--- START ---

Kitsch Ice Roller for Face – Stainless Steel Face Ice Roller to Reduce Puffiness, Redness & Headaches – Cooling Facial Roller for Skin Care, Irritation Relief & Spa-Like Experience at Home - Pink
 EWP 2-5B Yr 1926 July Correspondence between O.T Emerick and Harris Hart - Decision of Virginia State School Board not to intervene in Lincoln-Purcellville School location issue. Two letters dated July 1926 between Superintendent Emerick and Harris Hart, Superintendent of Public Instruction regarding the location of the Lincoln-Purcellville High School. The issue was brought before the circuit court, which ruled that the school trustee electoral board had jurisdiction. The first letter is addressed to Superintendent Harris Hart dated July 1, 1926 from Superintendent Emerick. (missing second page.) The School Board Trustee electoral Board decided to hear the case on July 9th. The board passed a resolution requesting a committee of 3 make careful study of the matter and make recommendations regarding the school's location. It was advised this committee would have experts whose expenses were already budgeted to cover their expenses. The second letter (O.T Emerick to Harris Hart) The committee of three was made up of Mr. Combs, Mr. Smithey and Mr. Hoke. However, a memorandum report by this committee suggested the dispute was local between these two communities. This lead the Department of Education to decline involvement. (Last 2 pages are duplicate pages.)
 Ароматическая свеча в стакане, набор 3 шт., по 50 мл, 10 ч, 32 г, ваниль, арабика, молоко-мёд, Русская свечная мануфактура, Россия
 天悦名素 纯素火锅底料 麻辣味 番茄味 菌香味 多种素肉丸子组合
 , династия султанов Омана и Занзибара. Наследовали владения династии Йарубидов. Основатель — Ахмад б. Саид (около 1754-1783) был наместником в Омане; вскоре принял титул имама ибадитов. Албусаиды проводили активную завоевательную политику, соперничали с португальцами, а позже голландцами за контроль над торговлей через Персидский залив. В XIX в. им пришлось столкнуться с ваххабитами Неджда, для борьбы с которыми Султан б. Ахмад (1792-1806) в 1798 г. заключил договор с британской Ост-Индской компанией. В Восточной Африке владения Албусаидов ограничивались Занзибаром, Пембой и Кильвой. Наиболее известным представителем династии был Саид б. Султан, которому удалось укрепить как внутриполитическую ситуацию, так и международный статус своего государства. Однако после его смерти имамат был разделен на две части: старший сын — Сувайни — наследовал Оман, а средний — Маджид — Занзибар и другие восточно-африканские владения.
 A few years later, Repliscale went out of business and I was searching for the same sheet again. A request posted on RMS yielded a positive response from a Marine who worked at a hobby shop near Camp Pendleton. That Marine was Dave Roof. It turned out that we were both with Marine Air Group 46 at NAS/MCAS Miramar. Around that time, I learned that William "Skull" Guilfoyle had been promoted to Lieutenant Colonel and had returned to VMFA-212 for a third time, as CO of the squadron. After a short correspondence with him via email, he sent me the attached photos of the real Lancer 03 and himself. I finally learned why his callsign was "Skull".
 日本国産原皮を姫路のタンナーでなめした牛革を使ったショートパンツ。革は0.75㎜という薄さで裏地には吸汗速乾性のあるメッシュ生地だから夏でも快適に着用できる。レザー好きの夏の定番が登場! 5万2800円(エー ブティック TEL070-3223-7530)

--- END ---
--- START ---

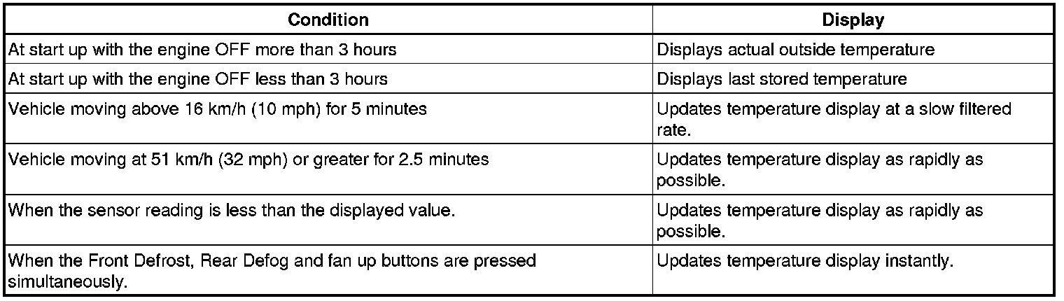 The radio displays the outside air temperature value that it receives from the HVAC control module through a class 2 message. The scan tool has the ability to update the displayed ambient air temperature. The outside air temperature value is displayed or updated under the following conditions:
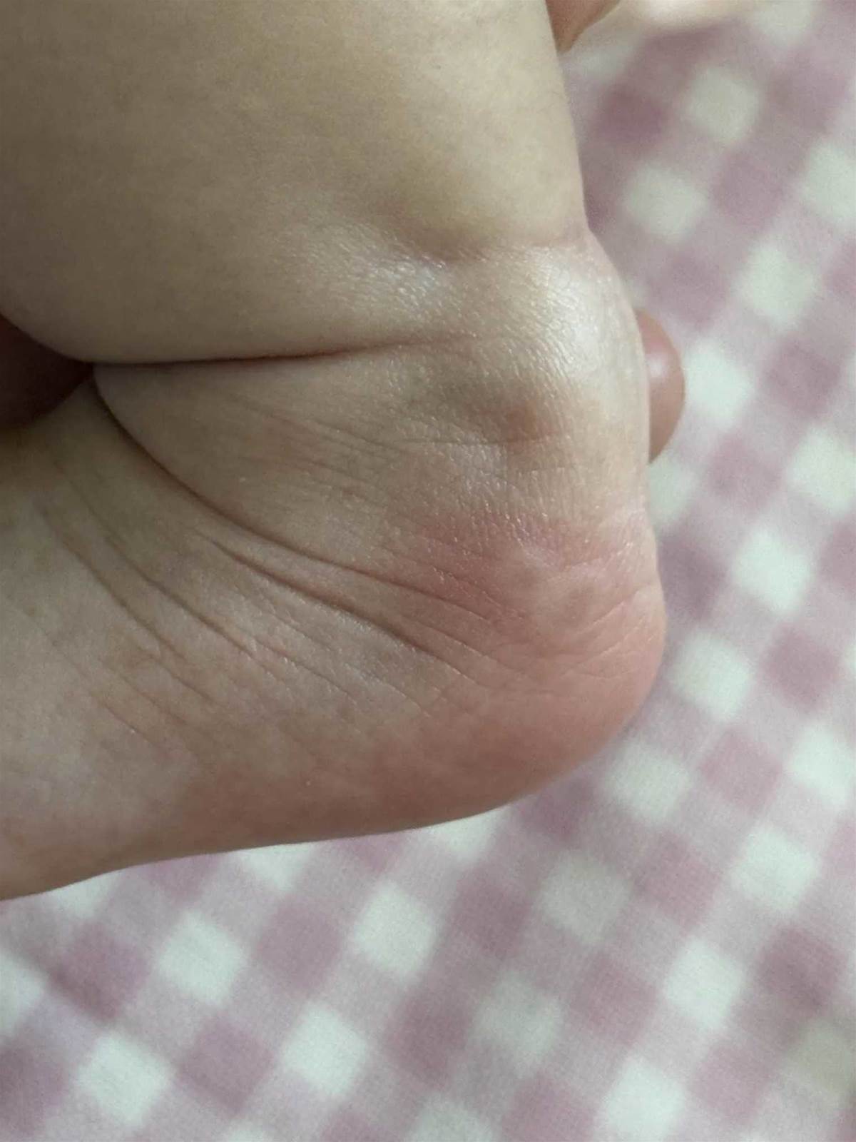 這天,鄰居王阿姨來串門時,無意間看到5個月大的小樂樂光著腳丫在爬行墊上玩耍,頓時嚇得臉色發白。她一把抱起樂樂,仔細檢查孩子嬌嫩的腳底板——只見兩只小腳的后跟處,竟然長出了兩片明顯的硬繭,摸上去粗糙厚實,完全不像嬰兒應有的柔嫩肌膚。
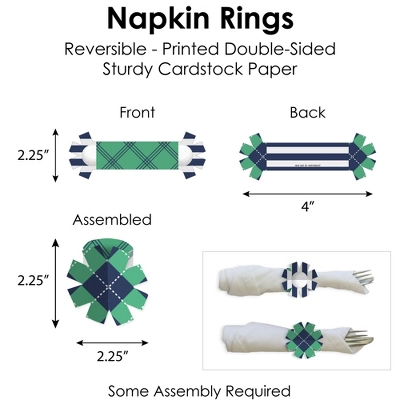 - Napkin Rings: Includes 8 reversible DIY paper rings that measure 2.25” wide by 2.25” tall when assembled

--- END ---

Which lines of the data contain "were"? Copy them all.

 EWP 2-5B Yr 1926 July Correspondence between O.T Emerick and Harris Hart - Decision of Virginia State School Board not to intervene in Lincoln-Purcellville School location issue. Two letters dated July 1926 between Superintendent Emerick and Harris Hart, Superintendent of Public Instruction regarding the location of the Lincoln-Purcellville High School. The issue was brought before the circuit court, which ruled that the school trustee electoral board had jurisdiction. The first letter is addressed to Superintendent Harris Hart dated July 1, 1926 from Superintendent Emerick. (missing second page.) The School Board Trustee electoral Board decided to hear the case on July 9th. The board passed a resolution requesting a committee of 3 make careful study of the matter and make recommendations regarding the school's location. It was advised this committee would have experts whose expenses were already budgeted to cover their expenses. The second letter (O.T Emerick to Harris Hart) The committee of three was made up of Mr. Combs, Mr. Smithey and Mr. Hoke. However, a memorandum report by this committee suggested the dispute was local between these two communities. This lead the Department of Education to decline involvement. (Last 2 pages are duplicate pages.)
 A few years later, Repliscale went out of business and I was searching for the same sheet again. A request posted on RMS yielded a positive response from a Marine who worked at a hobby shop near Camp Pendleton. That Marine was Dave Roof. It turned out that we were both with Marine Air Group 46 at NAS/MCAS Miramar. Around that time, I learned that William "Skull" Guilfoyle had been promoted to Lieutenant Colonel and had returned to VMFA-212 for a third time, as CO of the squadron. After a short correspondence with him via email, he sent me the attached photos of the real Lancer 03 and himself. I finally learned why his callsign was "Skull".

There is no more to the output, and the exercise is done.